Ma che cosa è, o meglio che cosa intende rappresentare Bernard attraverso
l’immagine della Voragine (in minuscolo, onde non smarrire prima del tempo
il poco equilibrio che ci resta)? La risposta è ovvia: quel gran vuoto che è la
vita, quell’abisso privo di senso che tutti vorremmo prima o poi colmato ma sul
quale una parola rivelatrice non sarà mai pronunciata. Da nessuno.

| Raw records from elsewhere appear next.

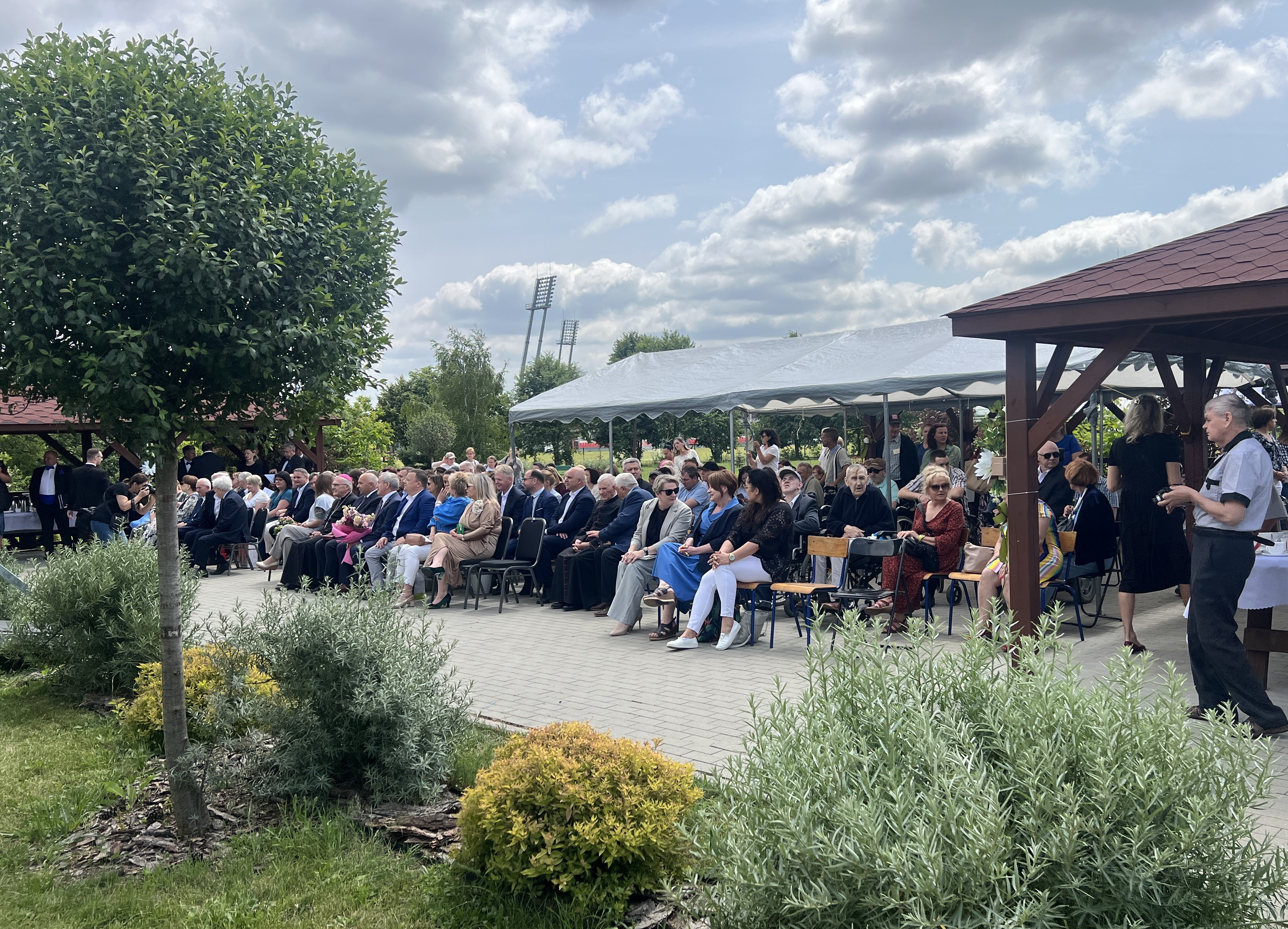 Uroczystość rozpoczęto mszą świętą pod przewodnictwem bp. Kazimierza Gurdy. Następnie mieszkańcy i zaproszeni goście zebrali się w Ogrodzie Marzeń, by wysłuchać okolicznościowych wystąpień. Wiele wzruszeń dostarczył pierwszy dyrektor DPS-u „Dom nad Stawami” Janusz Ginter, wspominając początki placówki, budowę, później nabór pracowników i w konsekwencji rozwój oraz polepszanie warunków dla podopiecznych.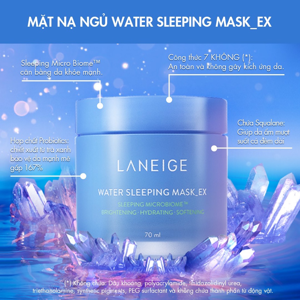 ⭐⭐⭐⭐⭐ Mặt nạ ngủ dưỡng ẩm Laneige Water Sleeping Mask 70ml KOREA Thời khóa biểu bận rộn, đôi lúc bạn sẽ quên chăm sóc bản thân. Vậy tại sao không tận dụng 8 giờ đi ngủ mỗi ngày để làm đẹp cho mình? Mặt nạ ngủ Laneige Water Sleeping Mask sẽ giúp bạn hi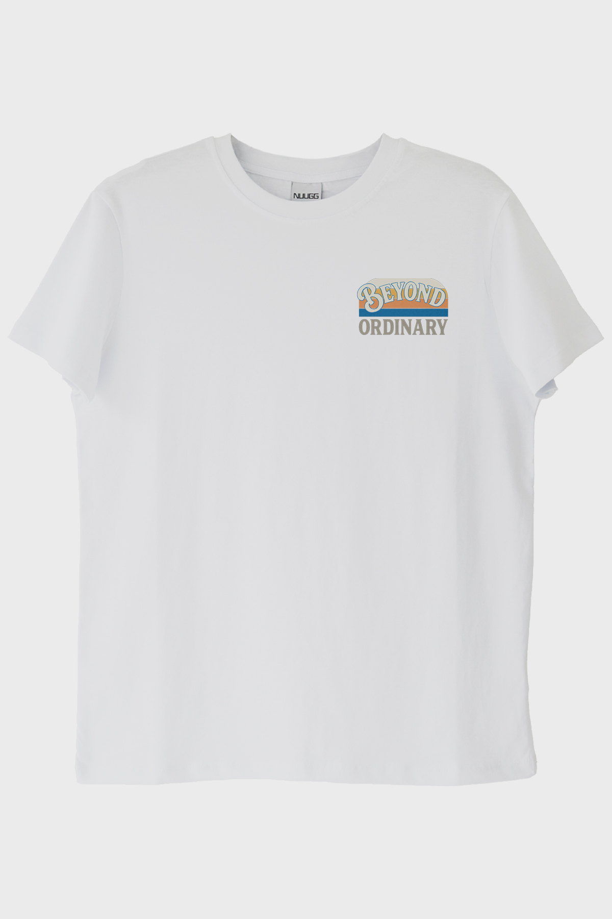 Beyond Ordinary Baskılı Beyaz Tişört hem kendi kullanımınız hem de sevdikleriniz için harika bir hediye seçeneği sunuyor. Stilini konuşturan bu tişört, esprili ve modern tasarımı ile gençlerden yetişkinlere herkesin favorisi olacak. İroni ve sanat esintisi taşıyan bu tasarım, farklı kombinler ile ister Irony ister Artisan kategorisine de mükemmel uyum sağlar.

Una metafora del nulla che ci schiaccia, dunque? E perché no? Una metafora
che ci pone di fronte alla crudezza di una realtà fine a se stessa; una metafora
che sa farsi sberleffo, irriverenza, scurrilità; che sa trascinarci con disinvoltura
nel baratro dell’assurdo. Tanto, al di là delle apparenze, non ci sono che loro,
le ombre, il grande vuoto pneumatico della Voragine, e ci sono le sofferenze e
le umiliazioni di Ori per forza di cose senza alcuna prospettiva di riscatto.

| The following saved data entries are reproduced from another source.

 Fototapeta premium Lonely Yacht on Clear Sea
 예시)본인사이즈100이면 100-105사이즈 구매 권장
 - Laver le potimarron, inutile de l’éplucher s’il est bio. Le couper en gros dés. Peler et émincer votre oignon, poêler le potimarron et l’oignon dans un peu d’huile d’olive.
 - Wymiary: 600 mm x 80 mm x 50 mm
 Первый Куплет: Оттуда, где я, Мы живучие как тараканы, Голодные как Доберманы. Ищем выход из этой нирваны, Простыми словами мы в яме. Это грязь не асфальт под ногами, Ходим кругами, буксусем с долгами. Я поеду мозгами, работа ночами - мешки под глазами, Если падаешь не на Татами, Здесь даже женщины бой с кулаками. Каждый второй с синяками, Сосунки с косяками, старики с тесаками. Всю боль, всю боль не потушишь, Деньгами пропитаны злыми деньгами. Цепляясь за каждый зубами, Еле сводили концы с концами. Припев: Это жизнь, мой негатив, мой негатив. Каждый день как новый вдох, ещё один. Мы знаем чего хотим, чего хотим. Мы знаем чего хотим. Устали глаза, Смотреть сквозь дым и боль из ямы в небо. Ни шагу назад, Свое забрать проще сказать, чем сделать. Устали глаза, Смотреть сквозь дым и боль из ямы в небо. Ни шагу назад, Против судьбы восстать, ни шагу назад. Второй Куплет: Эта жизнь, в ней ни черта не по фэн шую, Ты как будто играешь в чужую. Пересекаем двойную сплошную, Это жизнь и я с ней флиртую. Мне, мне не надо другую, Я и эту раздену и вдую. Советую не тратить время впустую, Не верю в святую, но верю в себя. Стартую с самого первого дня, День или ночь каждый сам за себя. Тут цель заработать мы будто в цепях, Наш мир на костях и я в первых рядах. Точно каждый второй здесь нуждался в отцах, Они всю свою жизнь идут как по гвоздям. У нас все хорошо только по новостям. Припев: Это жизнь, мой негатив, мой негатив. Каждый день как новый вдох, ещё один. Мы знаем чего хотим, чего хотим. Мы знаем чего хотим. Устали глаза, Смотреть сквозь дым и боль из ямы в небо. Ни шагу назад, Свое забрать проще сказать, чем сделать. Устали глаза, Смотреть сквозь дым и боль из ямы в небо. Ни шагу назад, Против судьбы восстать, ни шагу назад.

Eppure, questo dialogo del nulla, come lo si potrebbe alternativamente
intitolare, forse proprio per il suo pessimismo radicale ha una straordinaria forza
di trascinamento: irrita, commuove, impietosisce, turba, allarma. Insomma
mette addosso quello scompiglio che soltanto i grandi testi sanno suscitare. Ori
e il suo “Capo” si trasformano rapidamente da personaggi-simbolo, esseri
convenzionali, in uomini in carne e ossa con i quali lo spettatore vorrebbe
interloquire, ora indispettito, ora esilarato (la farsa non minaccia forse da vicino
l’assurdo tanto quanto l’assurdo minaccia costantemente la farsa?).